How to keep your pets safe during hot summer days.

As we go through the summer months with rising temperatures, it can be uncomfortable and dangerous to not only people, but our pets too. As pet owners, we need to be aware of these dangers and how to keep our pets cool and comfortable.

Here are a few tips to help keep your pets safe and comfortable in the summer heat.

  1. Never leave your pet in a parked car, even if the windows are cracked. Temperatures inside a vehicle rise rapidly. For example, on an 85-degree day the temperature inside a car with the windows cracked can reach 102 degrees within 10 minutes. After 30 minutes, the temperature can reach 120 degrees. This will cause organ damage and even death for any pet.

  2. Limit exercise on hot days. On really hot days, limit your pet to early-morning or evening-hour exercises. Also, be especially careful with pets that have light-colored ears, since they are more susceptible to skin cancer. Pets with short noses, who typically have difficulty breathing, may also have a lot of difficulty in extreme heat. Asphalt gets very hot and can burn your pets’ paws, so walk them on grass if possible. Always carry water with you to keep your pet hydrated. 

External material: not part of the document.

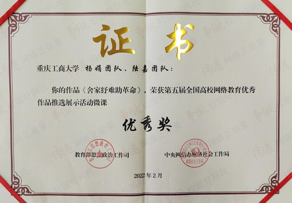日前,由教育部思想政治工作司、中央网信办网络社会工作局联合举办的第五届全国高校网络教育优秀作品推选展示活动获奖作品名单揭晓,365官网报送的作品《舍家纾难助革命》获评优秀奖。

  1. A fan isn’t enough. Pets respond to heat differently than humans do. Dogs sweat through their feet, and fans don’t have the same effect on dogs that they do on people.

  2. Give them plenty of shade and water. Make sure your pet has protection from the heat and sun, and plenty of fresh cold water. During heat waves, add ice to water to keep it cooler longer. You may think that a just because a doghouse provides shade it can keep your dog cool enough, but it doesn’t. There isn’t enough air flow in a typical doghouse to keep a pet cool.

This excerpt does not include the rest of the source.